> **Input records**
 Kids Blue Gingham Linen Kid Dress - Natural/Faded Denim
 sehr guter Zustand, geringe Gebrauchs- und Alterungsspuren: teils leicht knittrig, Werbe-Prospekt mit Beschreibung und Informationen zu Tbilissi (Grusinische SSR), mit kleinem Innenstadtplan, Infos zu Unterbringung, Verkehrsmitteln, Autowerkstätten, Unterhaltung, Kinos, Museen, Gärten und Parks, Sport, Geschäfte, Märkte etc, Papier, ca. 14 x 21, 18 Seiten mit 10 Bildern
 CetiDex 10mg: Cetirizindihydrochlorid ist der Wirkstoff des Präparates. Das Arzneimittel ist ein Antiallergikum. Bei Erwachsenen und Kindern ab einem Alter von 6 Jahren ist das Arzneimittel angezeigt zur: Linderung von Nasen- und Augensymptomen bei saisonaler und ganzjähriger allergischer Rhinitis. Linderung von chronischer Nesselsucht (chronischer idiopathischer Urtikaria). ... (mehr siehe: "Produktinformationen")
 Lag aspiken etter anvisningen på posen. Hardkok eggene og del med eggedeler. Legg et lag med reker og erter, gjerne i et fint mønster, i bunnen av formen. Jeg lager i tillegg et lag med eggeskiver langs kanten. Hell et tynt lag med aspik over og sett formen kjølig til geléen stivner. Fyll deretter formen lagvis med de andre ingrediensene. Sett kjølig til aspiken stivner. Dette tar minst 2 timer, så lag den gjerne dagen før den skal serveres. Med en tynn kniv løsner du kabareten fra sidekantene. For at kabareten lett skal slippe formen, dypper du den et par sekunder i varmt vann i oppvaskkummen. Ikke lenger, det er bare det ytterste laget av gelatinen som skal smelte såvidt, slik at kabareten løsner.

--

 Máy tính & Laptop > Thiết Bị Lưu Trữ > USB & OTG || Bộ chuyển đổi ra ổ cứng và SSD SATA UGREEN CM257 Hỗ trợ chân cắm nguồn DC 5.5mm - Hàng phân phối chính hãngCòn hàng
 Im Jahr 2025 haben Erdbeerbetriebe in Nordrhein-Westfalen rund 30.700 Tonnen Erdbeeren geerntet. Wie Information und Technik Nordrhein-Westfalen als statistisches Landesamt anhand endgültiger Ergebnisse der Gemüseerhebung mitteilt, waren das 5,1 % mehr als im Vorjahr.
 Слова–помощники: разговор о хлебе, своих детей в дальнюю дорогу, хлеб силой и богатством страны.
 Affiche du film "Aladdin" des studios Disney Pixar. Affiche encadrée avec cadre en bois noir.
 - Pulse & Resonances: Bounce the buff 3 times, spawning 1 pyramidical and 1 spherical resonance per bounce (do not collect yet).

> **Exercise description**
A single number is the expected answer: how many lines of the records above contain the word "mehr".

> **Response box**
2